In the moonlight, I can make out something else moving, out near that singular red X, and I begin to remember. Sometimes they get through, slipping through cracks between our world and theirs, crawling up from the depths of hell. It isn’t just those squashed pink creatures I witnessed down below. There are more. So many more. A legion of them. “It is one, but it’s also legion,” Charles had said. The skeletons in the great hall. Finn had called them a collection.

And now I understand. On a deep, visceral level, I finally understand. If these things get through, if they really get through, it will be the end of us all.

“It wasn’t the harvest,” a voice beside me whispers.

Flinching, I turn and see someone standing next to me. It’s me, only it isn’t. Isabelle, her hair swept back in an intricate braid, gives me a slow smile. Her dark eyes are smoky and lined with kohl. She also peers through the fence.

“It wasn’t the harvest,” she says. “It’s them.”

“You’re not here,” I say. “I’m dreaming.”

“I’m as here as you are,” she snaps. “And you need to start listening to me. We don’t have long like this. Soon there will be only one of us.”

“What do you mean?” I ask, stealing tentative glances over at her.

“Charlie was giving them the harvest to buy time, to stop them from taking what they really want.”

“What do they want?”

“Those,” she says, pointing to the tessellating darkness, to the creatures moving silently between the trees.

“What are they?”

“The physical manifestations, the Terrible Ones.”

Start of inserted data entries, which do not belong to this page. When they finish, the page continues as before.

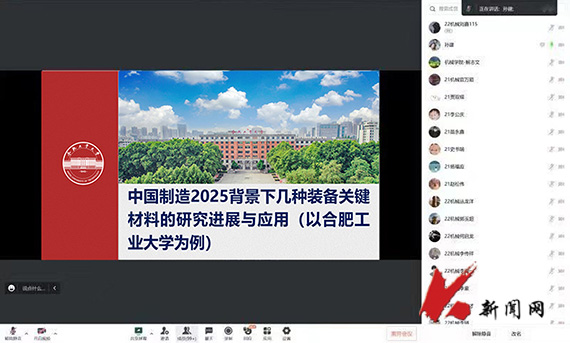 6月25日,应开云官方网页版机械工程与自动化学院邀请,合肥工业大学材料科学与工程学院孙建副教授在线上作题为《中国制造2025背景下七种装备关键材料的研究进展与应用》的报告。机械学院师生170人参与此次活动。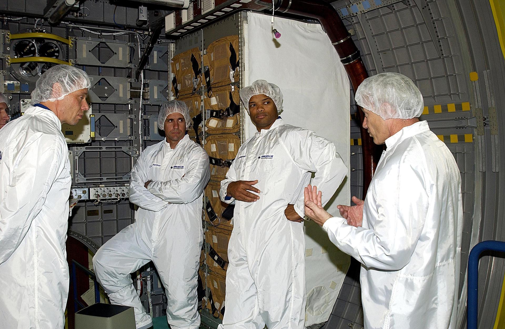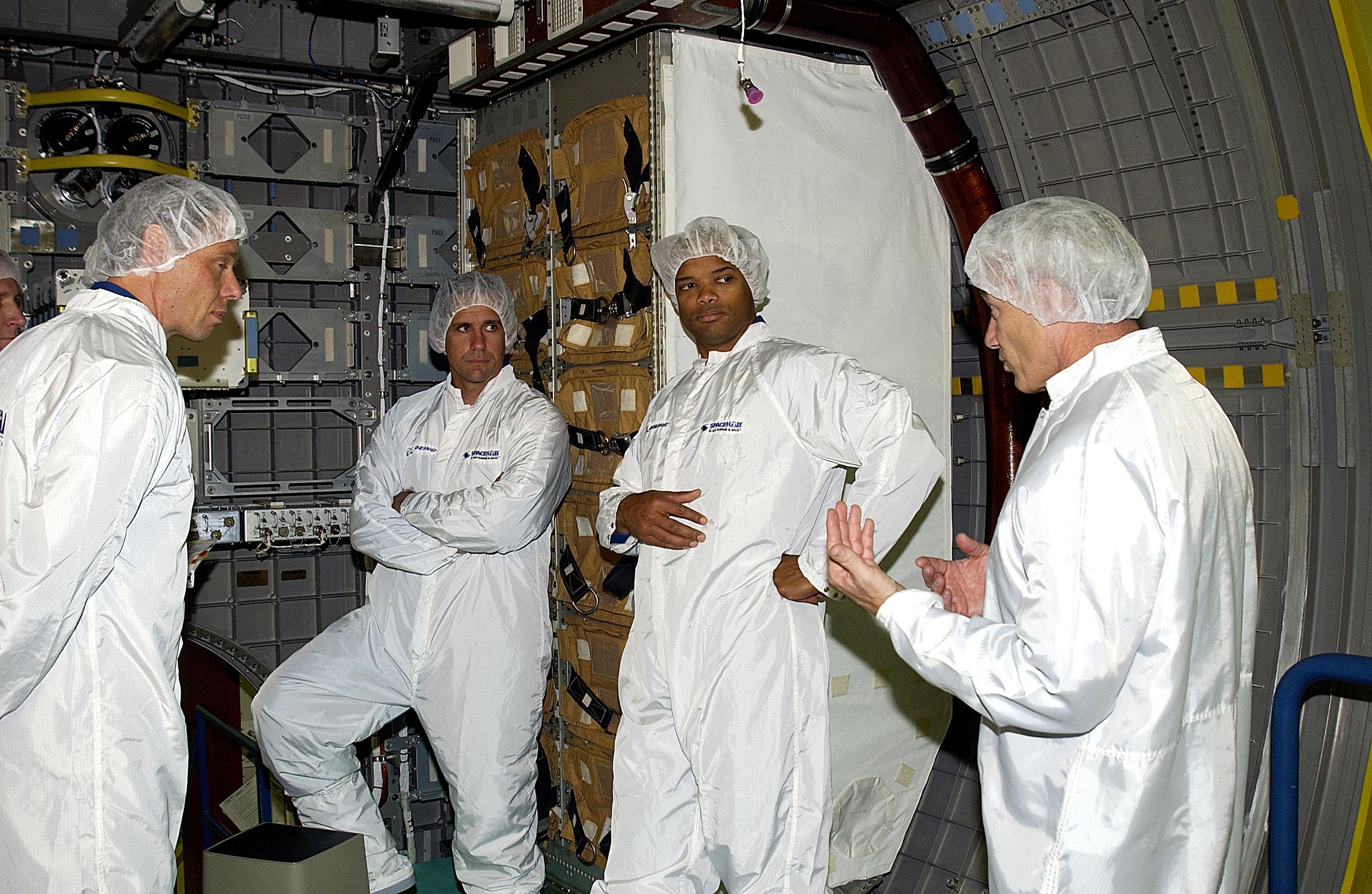 KENNEDY SPACE CENTER, FLA. - At SPACEHAB, Port Canaveral, Fla., STS-116 crew members take part in training for their mission. Seen here are (from left) Mission Specialist Christer Fuglesang, Pilot Michael Oelefein, Mission Specialist Robert Curbeam and Commander Terrence Wilcutt. Fuglesang is with the European Space Agency. Objective of their mission to the International Space Station is to deliver and attach the third port truss segment, the P5 Truss, deactivate and retract the P6 Truss Channel 4B (port-side) solar array, and reconfigure station power from 2A and 4A solar arrays. A launch date is under review.
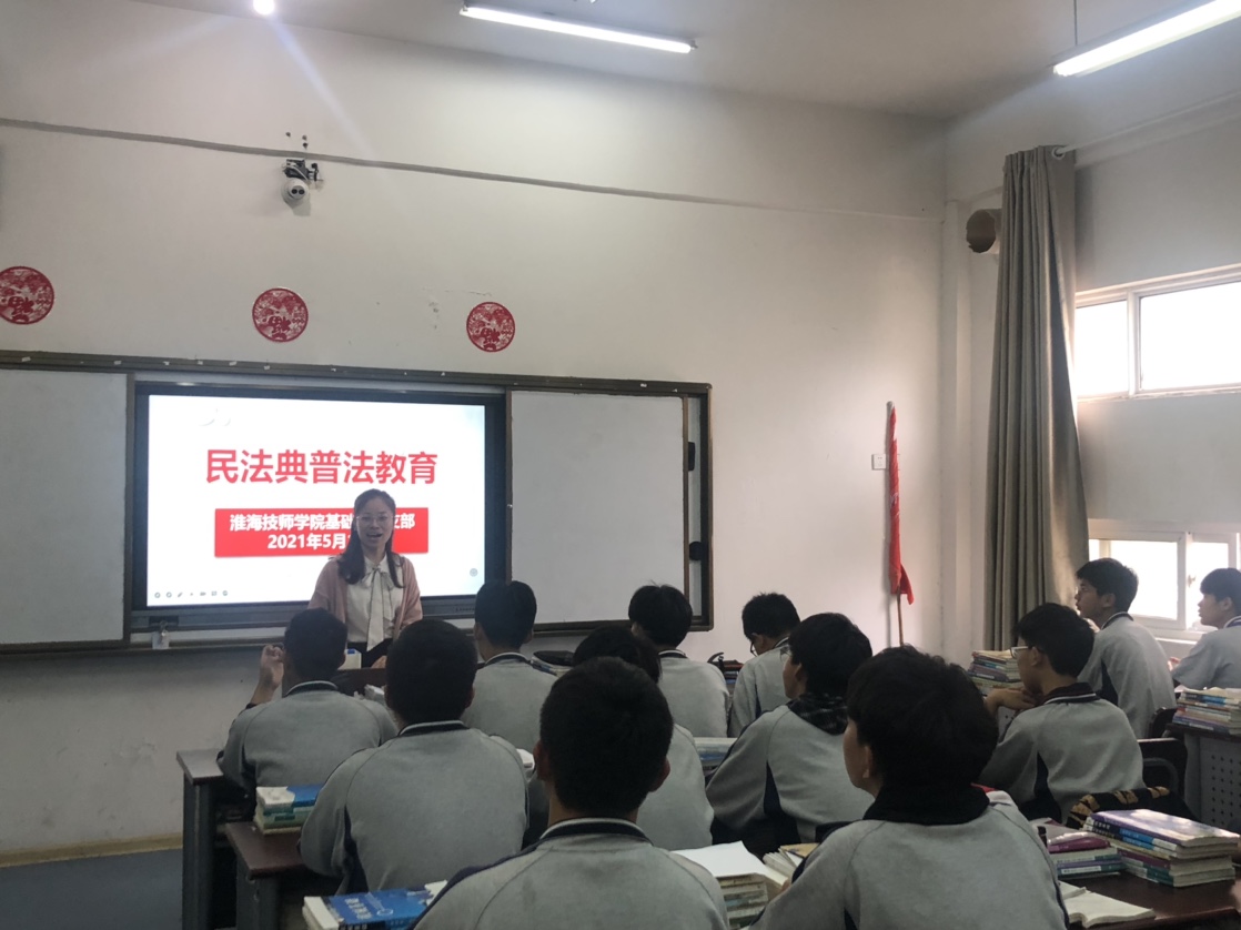 本次普法宣讲内容主要包括民法典编纂简介、民法典的作用及民法典看点简读三个部分,主讲教师在宣讲过程中穿插了与学生生活息息相关的事例,现场气氛热烈,学生收获满满,反馈良好。基础部党支部开展“民法典科普”志愿服务活动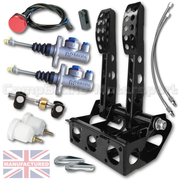 BOX KIT B INCLUDES – SPORTLINE BOX PLUS – [2 X AP MASTER CYLINDERS, CLEVIS, FIXINGS, BALANCE BAR, 2 X RESERVOIRS, 2 X MOUNTING BRACKETS, CABLE ADAPTER & REMOTE CABLE ADJUSTER, PLUS 2 X BRAKE LINES]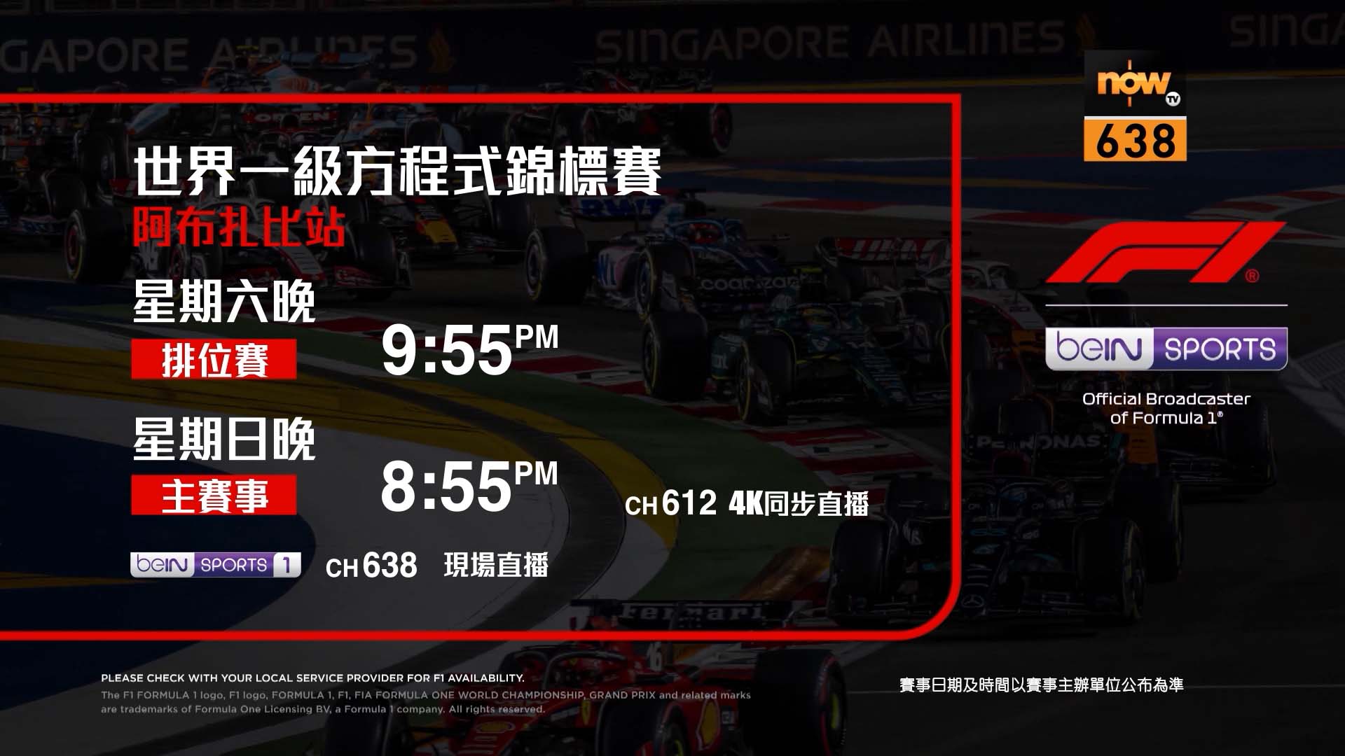 想欣賞本周日阿布扎比站主賽事,見證王者激鬥的觀眾,可於Now TV網站購買beIN SPORTS Super組合一日通行證($108/日)。購買Day pass後即可於手機、平板電腦及智能電腦登入Now TV應用程式,或以Now TV網頁版收看(最多支援兩個裝置同時睇)!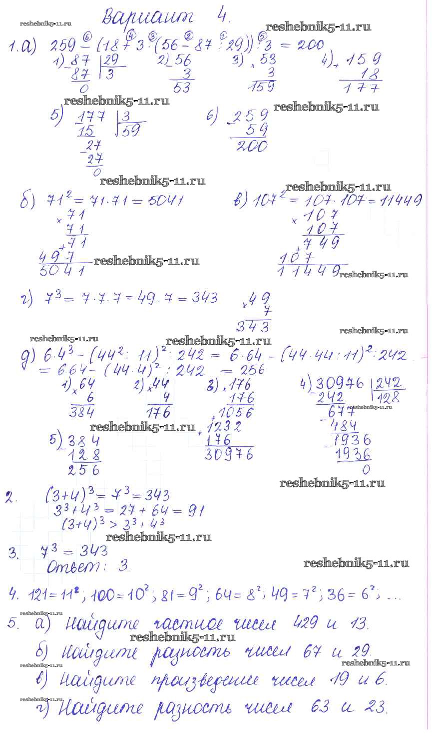Готовая домашняя работа с ответами по Математике за 5 класс Журавлев, Свентковский Контрольные и самостоятельные работы УМК Экзамен 2015 ФГОС - СР-15. Варианты 4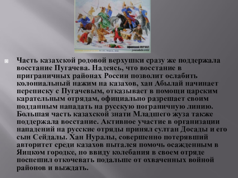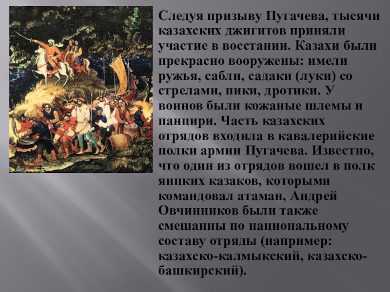 Слайд 7Следуя призыву Пугачева, тысячи казахских джигитов приняли участие в восстании. Казахи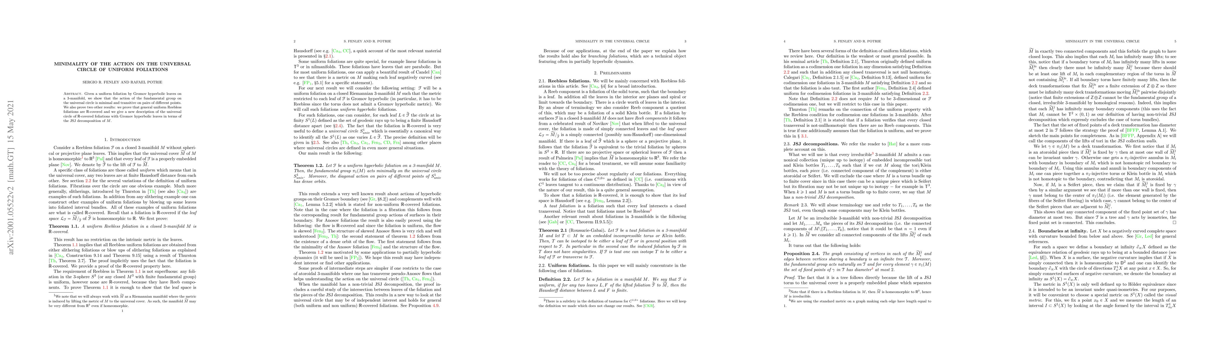 Given a uniform foliation by Gromov hyperbolic leaves on a $3$-manifold, we show that the action of the fundamental group on the universal circle is minimal and transitive on pairs of different points. We also prove two other results: we prove that general uniform Reebless foliations are $\mathbb{R}$-covered and we give a new description of the universal circle of $\mathbb{R}$-covered foliations with Gromov hyperbolic leaves in terms of the JSJ decomposition of $M$.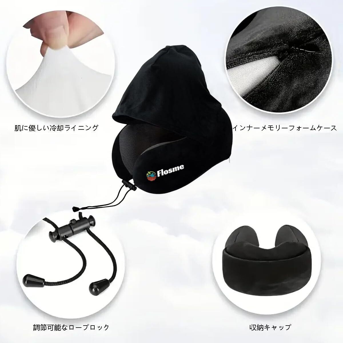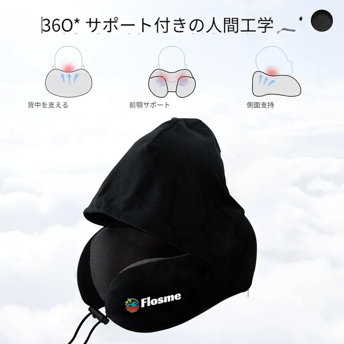 ネックピロー 飛行機 旅行 低反発 首枕 携帯枕 フード付きネックピロー 携帯 顔を隠す 首が痛くならない トラベル枕 U首まくら クッションカバーアイマスク 耳栓 収納袋 洗える 車 新幹線 ソファ 椅子 お昼寝 便利グッズ 快眠 仮眠 人気 自宅 旅行 プレゼント-ブラック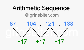So, what type of sequence is 87, 104, 121, 138? The sequence 87, 104, 121, 138 has a common difference of +17 between each term. We call this kind of sequence an arithmetic sequence. Below is an image illustrating the correlation between the arithmetic sequence 87, 104, 121, 138 and its common difference of +17.
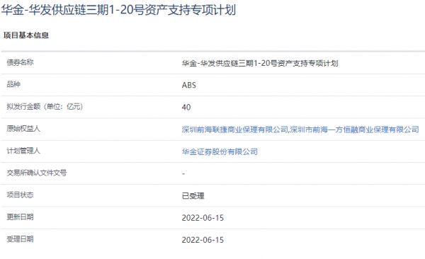 华金-华发供应链三期1-20号40亿元资产支持ABS获上交所受理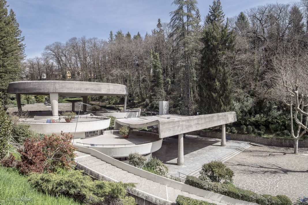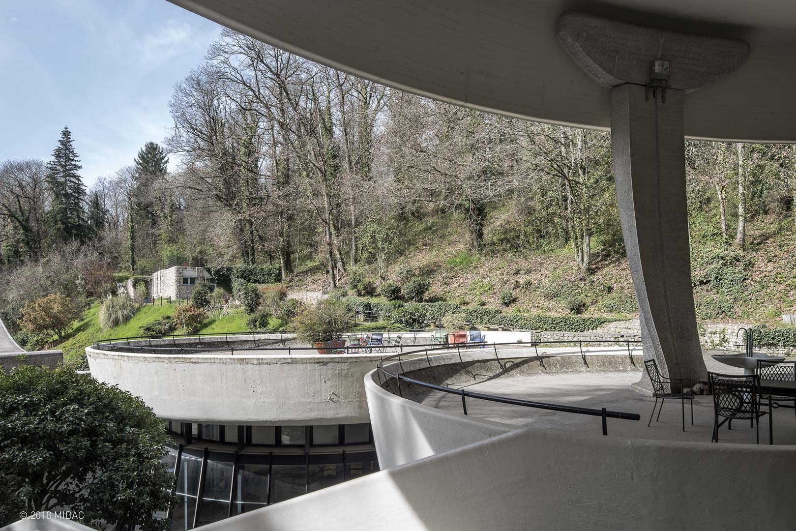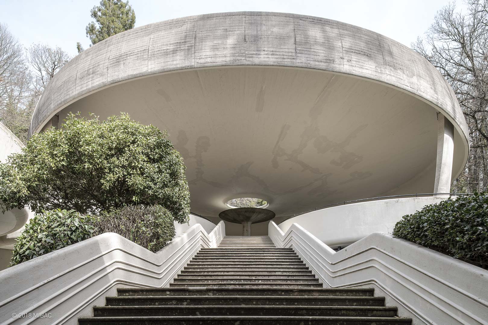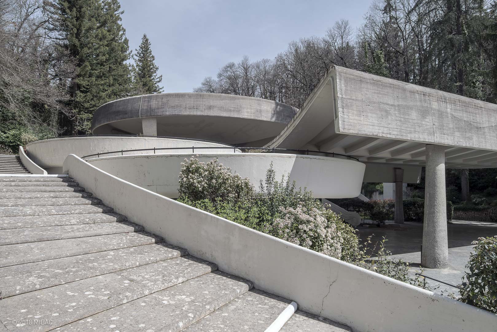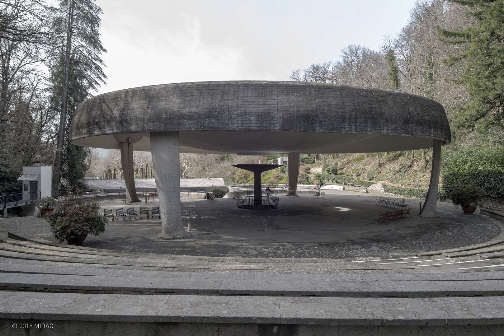 Il complesso termale della Fonte Bonifacio VIII di Fiuggi fu progettato dall’architetto Luigi Moretti tra il 1963 e il 1969. Immerso in un antico castagneto, è considerato un esempio di perfetta integrazione tra paesaggio naturale e corpi architettonici. La sua forma rotonda e il foro centrale ricordano il Pantheon romano.
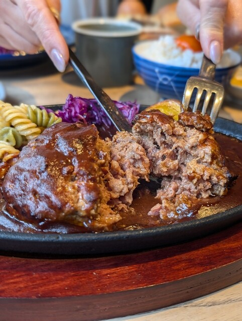 肉汁たっぶりの手ごねハンバーグと特製ソースが楽しめる♪
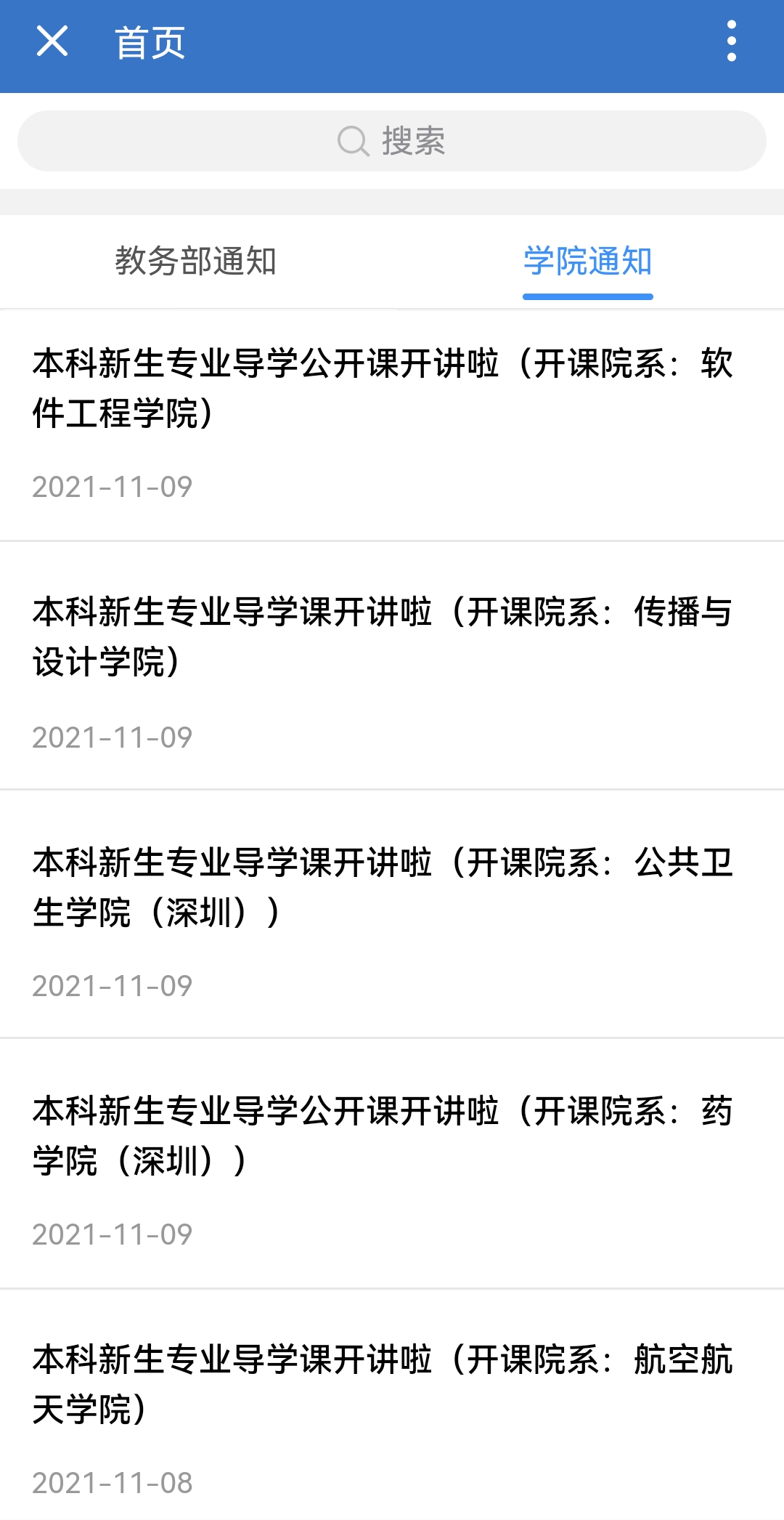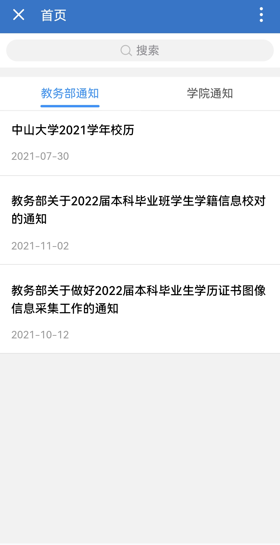 - 展示教务相关最新的公告,点击可进入公告详情页面。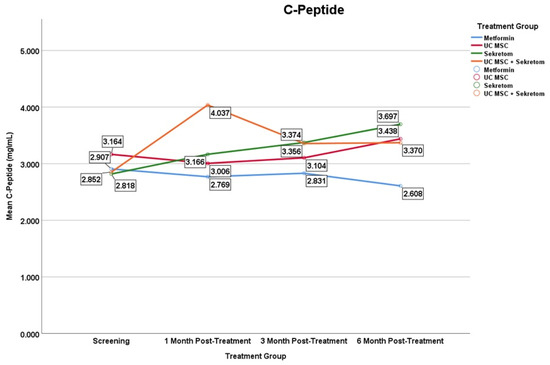 - 二甲双胍组与UC-MSC组:在整个随访期内均未观察到C肽的显著变化。

I draw back. “Why do they want them?”

“To control, to destroy, to use them as weapons. But they don’t understand. There are so many of them now. Too many. Because we disrupted the cycle. You know all this. Think. Remember.”

It’s all tumbling onto me, through me, in relentless waves—half remembered, half deduced. The black rains, the silphium, Pliny the Elder. But those black rains weren’t just confined to antiquity, were they? No, they’d come again in 1816, in the Year Without Summer when a distant volcano all the way in Indonesia had disrupted the weather patterns, had brought black rains as far away as France. That was 1816, and a few years later Hildegard was founded. That was no coincidence. The black rains brought forth the silphium—the hoopoe’s blood—and the hoopoe’s blood brought forth the monsters.

“They need the silphium to live, don’t they?”